Arch Chemicals has long been in the business of treating water, but they now have expanded their efforts into rural communities which have little water treatment and where illness due to drinking untreated water is the leading cause of illness and death. Arch is installing simple water treatment systems and empowering the local people to be guardians of the clean water.( See attached article, contact Laura Tew, Arch Chemicals)

Chattanoogans are lucky that our founders located us on the banks of a beautiful river which provides our drinking water. We, too, must care for it so we don’t lose this precious resource.
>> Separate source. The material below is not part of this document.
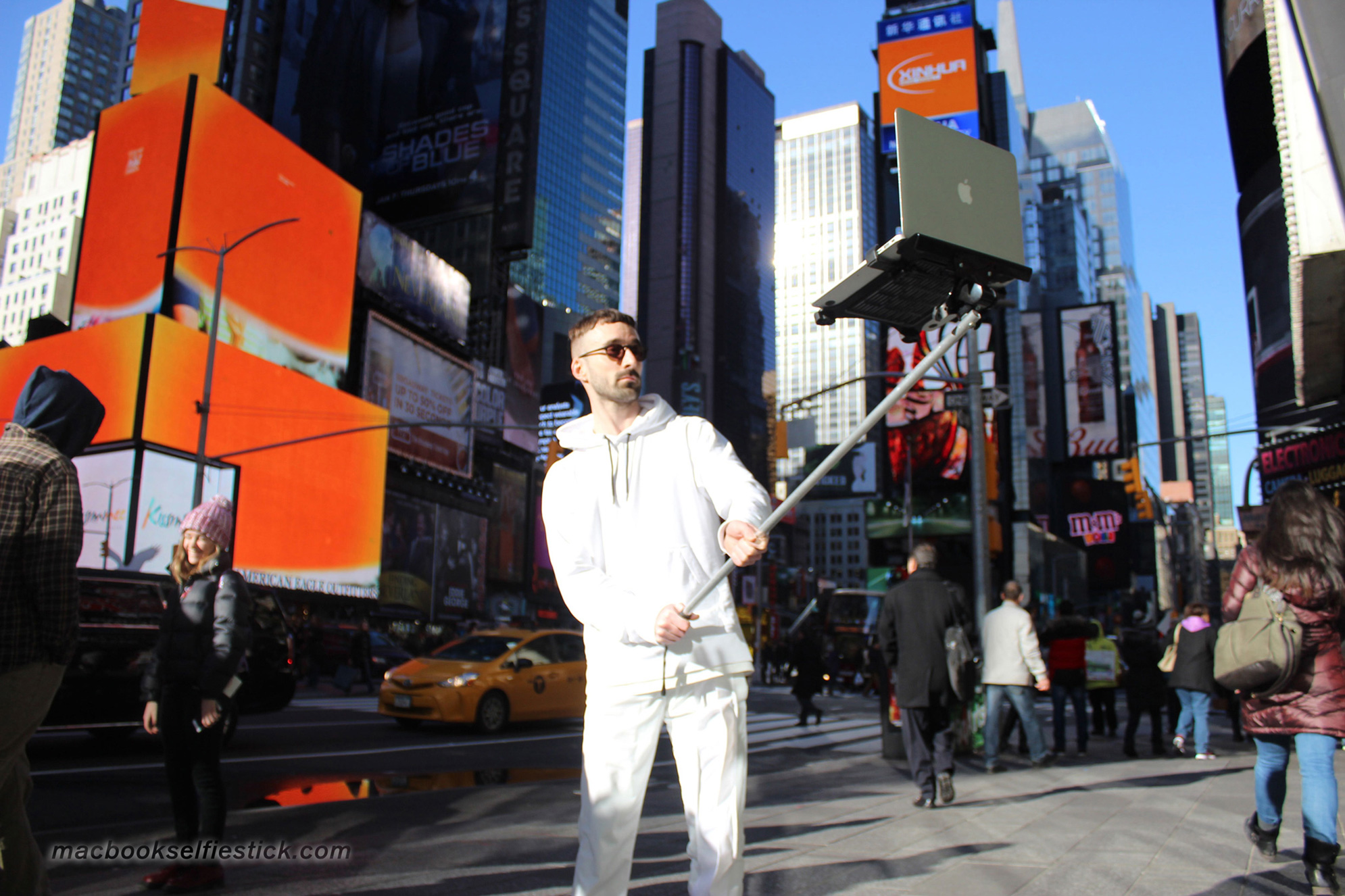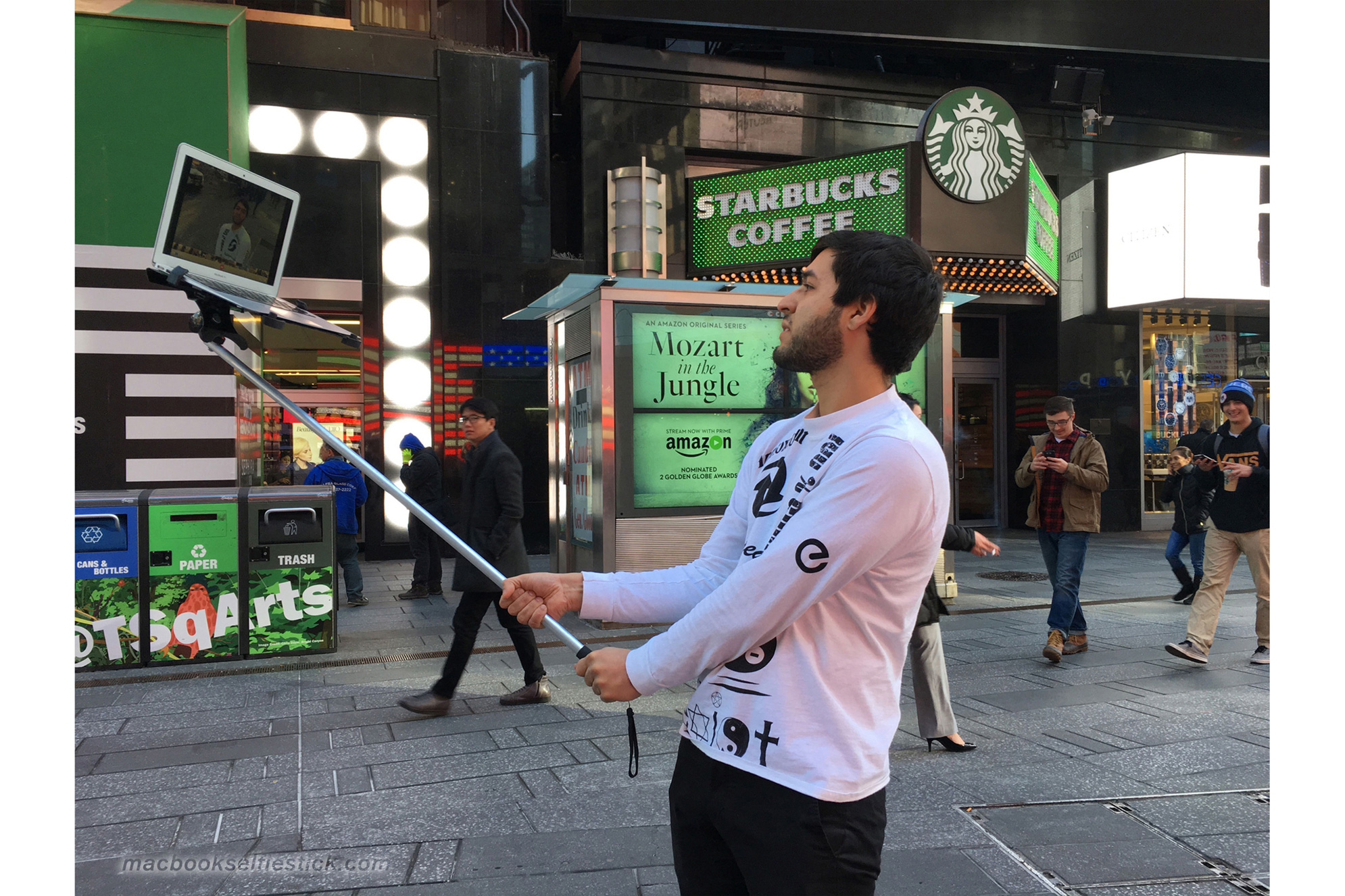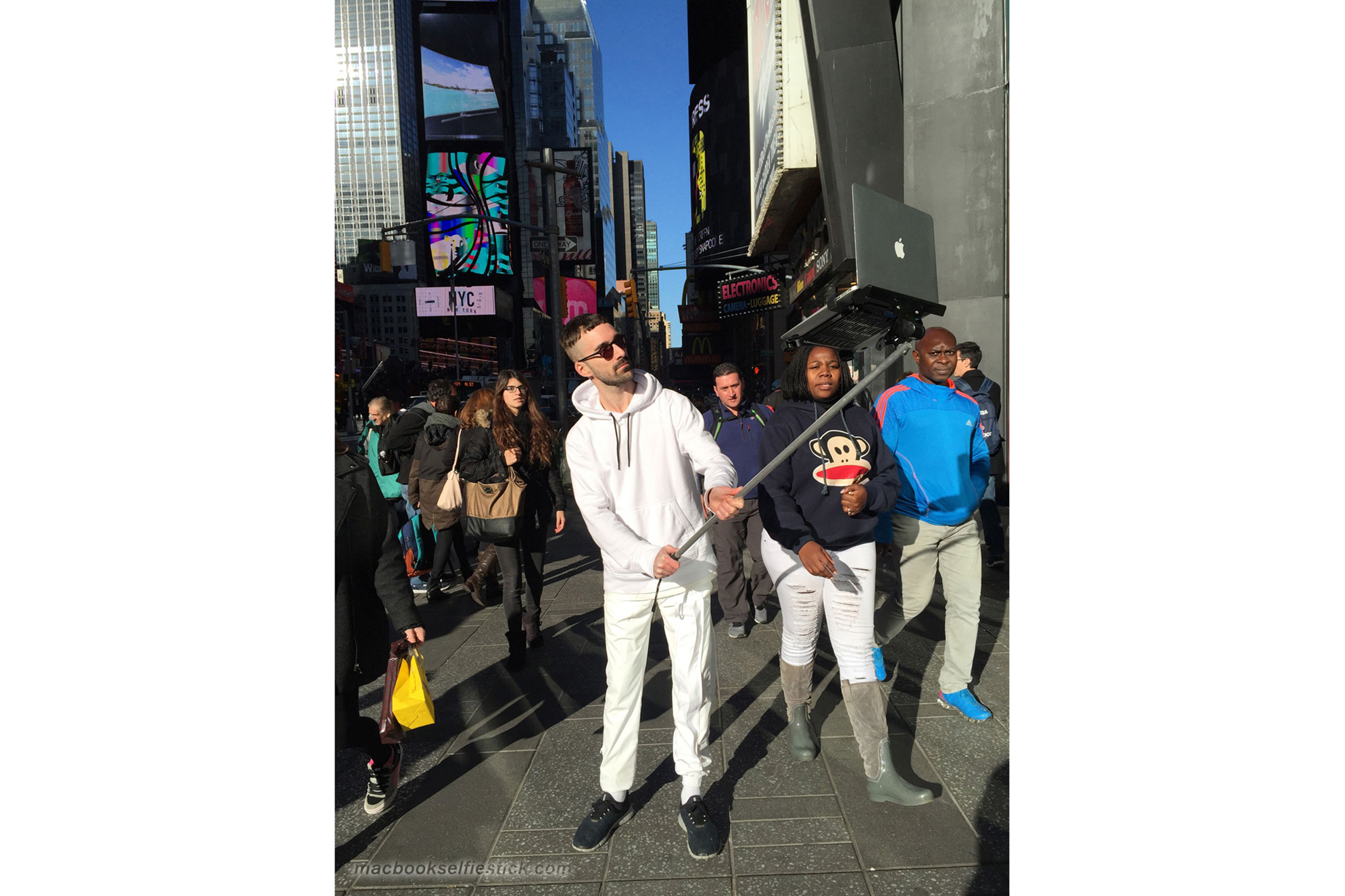 I quattro creativi hanno mostrato l’utilizzo della loro invenzione in luoghi storici di New York come Times Square e Washington Square Park. In molti hanno assistito agli scatti con indifferenza. Come racconta però il Daily Mail, alcuni hanno però apprezzato l’idea del Macbook selfie Stick, commentando positivamente sia su Snapchat, sia su Twitter in questo modo: “Ho appena visto un MacBookselfie stick. È un’invenzione fantastica”.

(From the World Water Day Website)
22 March - World Water Day 2006: Water and Culturehttp://www.unesco.org/water/wwd2006/index.shtml

Each year, a different United Nations (UN) agency is selected to coordinate events surrounding World Water Day around the world, and a different theme is chosen to reflect the many facets of freshwater resources. World Water Day 2006 will be guided by the United Nations Educational, Scientific and Cultural Organization under the theme 'Water and Culture.'
We plan our cities near water; we bathe in water; we play in water; we work with water. Our economies are built on the strength of water transportation - and the products we buy and sell are all partly water, in one way or another. Our daily lives are built on water, and shaped by it. Without the water that surrounds us - the humidity of the air, the roughness of the river's current, the flow from the kitchen tap - our lives would be impossible. In recent decades, water has fallen in our esteem. No longer an element to be revered and protected, it is a consumer product that we have shamefully neglected. Eighty percent of our bodies are formed of water, and two thirds of the planet's surface is covered by water: water is our culture, our life.
The theme 'Water and Culture' of WWD 2006 draws attention to the fact that there are as many ways of viewing, using, and celebrating water as there are cultural traditions across the world. Sacred, water is at the heart of many religions and is used in different rites and ceremonies. Fascinating and ephemeral, water has been represented in art for centuries - in music, painting, writing, cinema - and it is an essential factor in many scientific endeavors as well. Each region of the world has a different way of holding water sacred, but each recognizes its value, and its central place in human lives. Cultural traditions, indigenous practices, and societal values determine how people perceive and manage water in the world's different regions.
As the UN's focal point for the promotion of cultural diversity, UNESCO aims to preserve and respect the specificity of each culture, bringing them all together and extending them in a more interactive and interdependent world.